Open azf20 opened 1 year ago
An additional use case which the above design doesn't allow for is where there is a change in on-chain state which needs to be reflected in a subgraph, where there isn't an emitted event.
A specific example is where the tokenURI(tokenId)
is updated on an ERC721 contract, perhaps to point to a new piece of token metadata. In this case, the subgraph needs to:
tokenURI
This process would be triggered by an off-chain event (the equivalent to "refresh metadata", on sites such as Opensea)
Note that you could argue that with substreams you could track changes in storage slots, but these don't necessarily adhere to a standard across contracts, if your use case is the above NFT example
From a security perspective, I think there are a couple of concerns that come to mind, this could be "easily" leveraged with malicious intent, for instance, an unprotected node endpoint could be used to make a lot of calls to a single endpoint or access data that was accidentally made available over http. We can mitigate but setting an allow list, but then we go back to it being less than useful since the indexers would need to know ahead of time which URLs can be accessed. (We could consider adding base_urls to the manifest which would be enforced, that does not prevent the above.)
From a determinism point of view this is really hard to manage as there are too many variables, from unavailability to data changes over time. I think the implementation effort, considering the security measures we need to consider, determinism, usability, etc is quite high for something that could easily be solved by the end user, who could either publish relevant data to ipfs/arweave or embed this fetching of data from the app's side, specifically the SG can still get the URL saved and when consuming the information, the subgraph consumer would fetch this data in parallel.
There is an operational concern of data sizes, this is obviously not new to arweave and ipfs but those storage have an incentive (cost) to keep files smaller, other endpoints like S3 are very cost efficient for quite larges files, this may also be an overhead in terms of database efficient when storing large blobs, the graph-node can limit this size, of course, which once again may impact some of the usability. (This may be something already discussed and settled since it's similar to IPFS and arweave for extreme cases)
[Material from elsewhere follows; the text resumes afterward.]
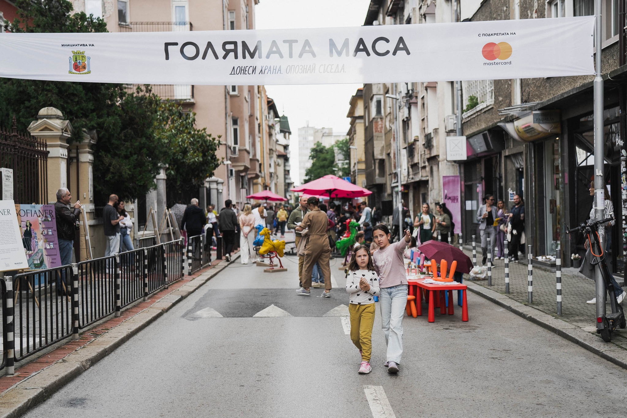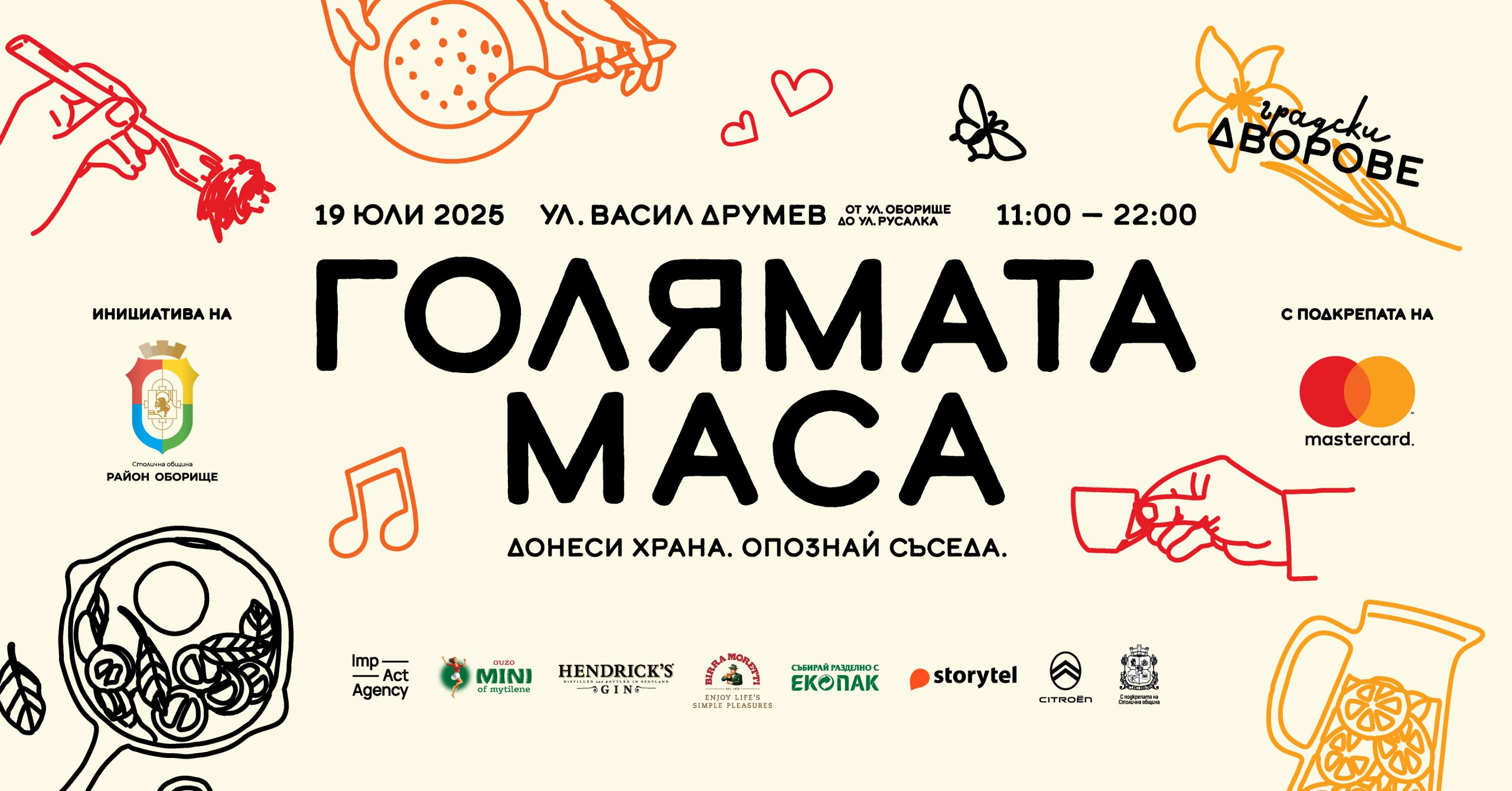 Тази събота, на 19 юли, ГОЛЯМАТА МАСА на район “Оборище” кани всички на една различна и нова локация – ул. “Васил Друмев”, в отсечката от ул. “Оборище” и ул. “Русалка”. Акцент във второто издание на инициативата за 2025 г. са красивите софийски дворове, смисълът да поддържаме споделените градски пространства приветливи и чисти, и начините да ги използваме заедно като общност. Затова организатори готвят безплатни работилници за озеленяване и отговорно събиране на отпадъците, и гаражна разпродажба на стари вещи и дрехи с грижа за природата. Както обичайно, са планирани и музикални изпълнения, срещи с артисти, изложби и детски творчески работилници като част от програмата на “ГОЛЯМАТА МАСА: Градски дворове” между 11:00 и 22:00 ч. По традиция инициативата призовава “Донеси храна. Опознай съседа.” или подкрепи малък бизнес. A всяка покупка на храни и напитки с Mastercard карта от павилион на място носи на госта 10% обратно по сметката му с програмата Mastercard Ден.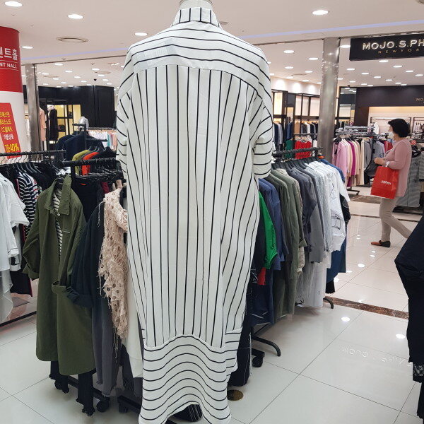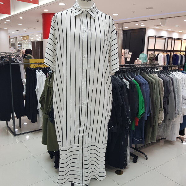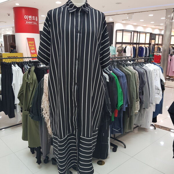 세로 스트라이프로 디자인된 롱 카라 원피스입니다.심플하며 일자라인으로 디자인되었답니다.

In terms of providing an alternative, I think an interesting discussion could be the introduction of some query time WASM, this could provide some of the flexibility by supporting queries to existing subgraphs (potentially more than 1) and the ability to fetch some files from decentralised but maybe even arbitrary http data sources as well. The difference here is it could be metered, maybe stored temporarily(or permanently as well) and overall more flexible since it builds on the existing solid foundation of subgraphs but would also allow very flexible behaviour.
I really think that this is one of the features that would unlock a complete new class of use-cases. That being said, I also understand that this is tricky to get right. So maybe it helps if we specify a real-world use-case and then design the system backwards from there?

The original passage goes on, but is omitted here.